One year ago today. (AP Photo/Andrew Harnik)
The best that can be said of Ted Cruz is not that he is not Donald Trump.
If only.
The trouble with Ted Cruz is that he is like Donald Trump in ways that are actively bad (ideas about how to treat Muslims, for one) and not like Donald Trump in good ways (say, having more charm than a plate of cold liver).
He is not Donald Trump in the sense that he is actually less appealing than Donald Trump. Some people who have met Trump like him. Whereas Sen. Lindsey Graham (R-S.C.) joked, “If you killed Ted Cruz on the floor of the Senate and the trial was in the Senate, nobody would convict you.”
In other words, Cruz is a less electable, less watchable Trump whom most people who have met him despise — but apart from these minor deficiencies, he is the last best hope of the Republican party.
Somehow, he managed to turn the fact that he is anathema to all who meet him to his advantage (“You know who ELSE they reviled and persecuted and muttered all kinds of evil against?”) and since this election rewards purity above all other characteristics except entertainment value, he is now the last man left standing in the race. (John Kasich is still standing too, but off several miles away from the race rambling to himself about “mosaics” and “moments in time.”)
In fact, Graham had towalk back his comments:“When I joked about killing my distinguished colleague, that didn’t mean I was opposed to him becoming president.”
And on Wednesday, Jeb(!) Bush endorsed Cruz, sending his exclamation point to trot sadly at Cruz’s heels, following its old master with reproachful eyes until he vanished from sight down the tarmac.
This endorsement would run counter to Cruz’s narrative that The Fact That No One Who Has Ever Met Me Can Stand Me Is Just A Sign of My Purity if Jeb could have found a single positive thing to say about Cruz apart from the Winston Churchill formula “If Hitler invaded Hell, I would at least make a favorable reference to the devil in the House of Commons.” (“Ted is a consistent, principled conservative who has demonstrated the ability to appeal to voters and win primary contests,” Bush said in a statement. Consistent! Just like my neighbor who plays the ukulele after midnight.)
I suppose with Cruz you can feel sure that people won’t vote for him just for the entertainment value, because — what entertainment value? Part of Trump’s obscure charm is the fact that you never know what is going to come out of his mouth, and he certainly gives off the impression that he doesn’t know either. With Cruz, on the contrary, you have the sense that every off-the-cuff remark is something he has been rehearsing carefully in the mirror for the last 40 years. Perhaps over-rehearsing. Cruz is the guy in the yearbook voted Most Likely To Cackle and Murmur “Everything Is Proceeding As I Have Foreseen.”
The Trump campaign is a dumpster fire from which you can’t tear your eyes away. The Cruz campaign lacks that charisma.
But it’s not like Cruz is a more rational, statesmanlike voice. Bush said he would “overcome the divisiveness and vulgarity” of Trump but — how? I guess he hasn’t talked about his hand size?

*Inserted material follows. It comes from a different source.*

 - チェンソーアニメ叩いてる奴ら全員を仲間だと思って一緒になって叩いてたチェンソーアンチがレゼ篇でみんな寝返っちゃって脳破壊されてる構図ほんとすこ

This is Ted Cruz we’re talking about, the Ted Cruz who upset a small child at one of his rallies by saying that the world was on fire. (“The world is on fire?” “Yes. The world is on fire.”)
This is Ted “I don’t know if sand can glow in the dark but we’re going to find out” Cruz.

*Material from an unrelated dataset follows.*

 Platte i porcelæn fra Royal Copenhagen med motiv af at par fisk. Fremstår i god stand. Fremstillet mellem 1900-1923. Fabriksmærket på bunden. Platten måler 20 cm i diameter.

Ted Cruz is a less personable Donald Trump who will definitely carpet bomb things, as opposed to Trump who only might say he will carpet bomb things if he did not understand the question. Trump does not want people to die in the street. Cruz thinks this is soft.
The best that can be said about Trump is that maybe he does not mean any of the insane things that he is saying. That has never been said of Cruz.

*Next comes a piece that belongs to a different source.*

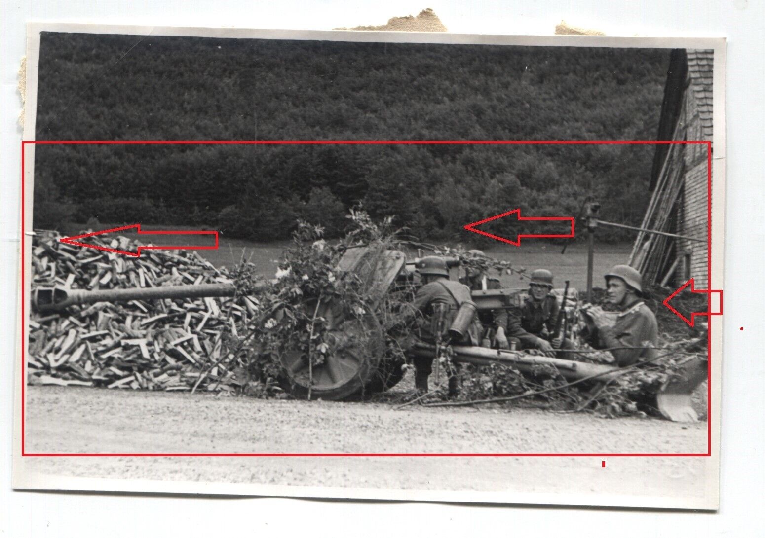 FOTO Pakgeschütz Stellung hinter Holzstapel Heimatfront 1944.

Trump wants to stop Muslims from coming to the country. (Note: It is insane that this is a normal sentence that we are typing in America in 2016. I feel like a thoroughly boiled frog.) Cruz just wants police to be empowered to “patrol and secure Muslim neighborhoods before they become radicalized.” (Thank goodness we’re getting away from the divisiveness and vulgarity that have plagued the race.)
But is this endorsing the frying pan to avoid the fire, or the fire to avoid the frying pan?